Il n'en avait pas voulu à Luna, toutefois, de ne pas être revenue le soutenir à Poudlard une fois qu'elle avait été délivrée. Neville savait qu'elle avait beaucoup souffert et comprenait qu'elle ait besoin de calme et de repos. Lui-même en rêvait, mais à présent qu'il était le seul du trio originellement responsable de l'AD qui demeurait encore à Poudlard, les autres n'avaient pas voulu le voir partir. Ils ne le lui avaient jamais clairement dit, mais Neville avait compris qu'il ne pouvait pas les abandonner. Hannah, qui avait deviné les pensées du jeune homme, avait su trouver les mots pour le convaincre. Hannah... Une boule se forma dans la poitrine de Neville. Aurait-il seulement l'occasion de la revoir, de lui reparler ? S'ils avaient réellement remonté le temps et qu'il n'y ait pas d'espoir de retour… Si jamais il n'avait plus aucune occasion de lui dire… Hannah, la douce et loyale Hannah était bien plus qu'une amie… Et elle avait été en outre l'une des Résistantes les plus actives. Courageuse, mais pas arrogante. Une vraie Poufsouffle, la maison où Neville avait toujours voulu être.
ooooo
Ils arrivèrent dans une petite ville paisible et tranquille vers midi, quand le clocher de l'église sonna les douze coups. Ils arpentèrent les rues étroites menant au centre historique et débouchèrent sur la place du centre-ville, qui, contrairement aux autres lieux était bruyante et très fréquentée. Au centre se tenait un petit commerce vendant livres et journaux. Hermione s'avança précipitamment, bousculant les piétons. Et s'arrêta soudainement.
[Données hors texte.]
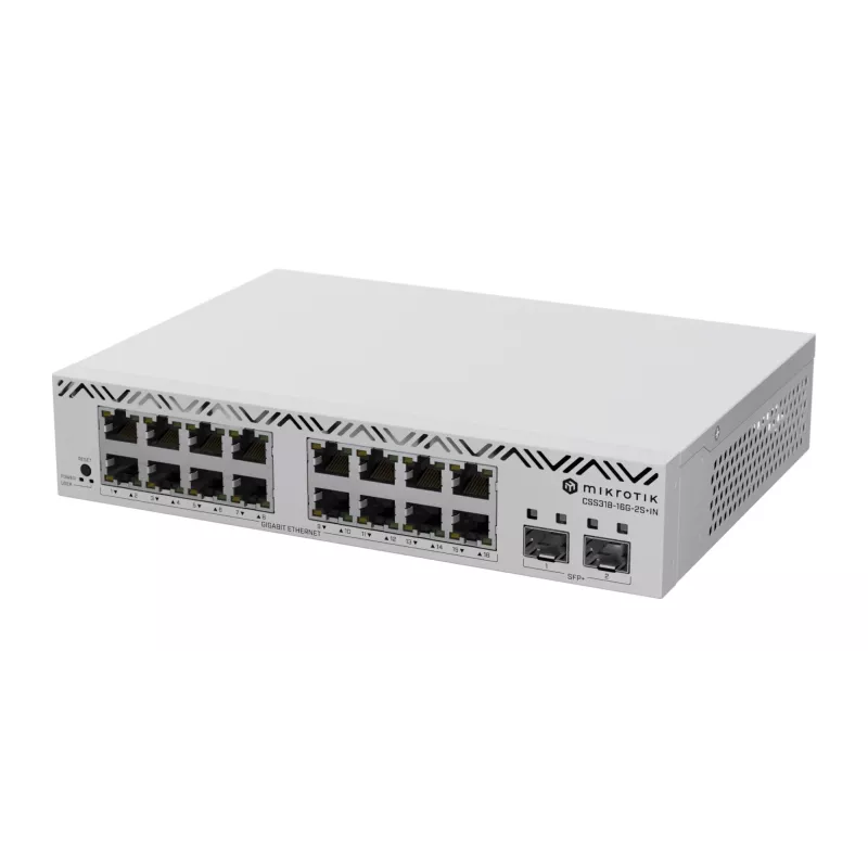 - MIKROTIK CSS318-16G-2S+IN. SWITCH TYPE: MANAGED. BASIC SWITCHING RJ-45 ETHERNET PORTS TYPE: GIGABIT ETHERNET (10/100/1000), BASIC SWITCHING RJ-45 ETHERNET PORTS QUANTITY: 16, INSTALLED SFP+ MODULES QUANTITY: 2. RACK MOUNTING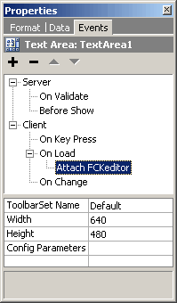 The options shown in the dialog are same as in the Attach FCKeditor action, which is automatically added the On Load client event of the TextArea control created at the same time. Selecting this action exposes FCKeditor parameters configured via the above dialog where you can further modify them as needed. As you may suspect, you could also add FCKeditor to your page by manually attaching the Attach FCKeditor action to the On Load client event of an existing TextArea and configuring it.

Vendredi 4 juillet 1975, telle était la date inscrite sur la première page du journal. Neville crut qu'il allait faire un malaise, et s'évanouir devant tous ces gens qui les dévisageaient, lui et Hermione, eux qui étaient vêtus de leur robe et leur cape, leur baguette à la main. Sa réaction, toutefois, était minime comparée à celle d'Hermione qui était tombée par terre, et sanglotait sans retenue, marmonnant des paroles dont il ne comprit pas le sens. Il lui attrapa la main, et l'entraîna loin des regards indiscrets, avant qu'ils ne se fassent plus remarquer.
- Non, non, ce n'est pas possible ! Pas après tout ça… Pas après être parvenu à détruire Voldemort, pas après avoir vaincu les Mangemorts, pas après avoir perdu tous ces gens…
Neville ne répondit rien. Il était trop abasourdi. Il avait compris ce qui leur était arrivé, tout comme Hermione, mais il réalisait seulement ce que cela signifiait. Tout avait été vain.
- Il n'existe donc pas de monde qui soit en paix ? se plaignit la jeune femme.
Tous deux restèrent silencieux un moment.
- Tu sais, commença Neville, ils ne sont pas… enfin, puisque nous sommes dans le passé, personne n'est mort…
- Neville, ils ne sont pas morts au jour d'aujourd'hui, mais d'ici vingt-trois ans, ils le seront !
Le jeune homme ne répondit rien. Hermione avait raison, bien sûr.
Ils passèrent leur après-midi à ruminer des idées noires, chacun perdu dans ses pensées, tentant de retracer les évènements. Et s'ils avaient pu éviter de se faire piéger ? Et s'ils s'étaient doutés d'une attaque imminente ? Neville, qui avait assuré le combat continu contre Rogue et les Carrow, s'en voulait de ne pas avoir deviné la suite des évènements. Après neuf mois à côtoyer des Mangemorts, il aurait dû savoir…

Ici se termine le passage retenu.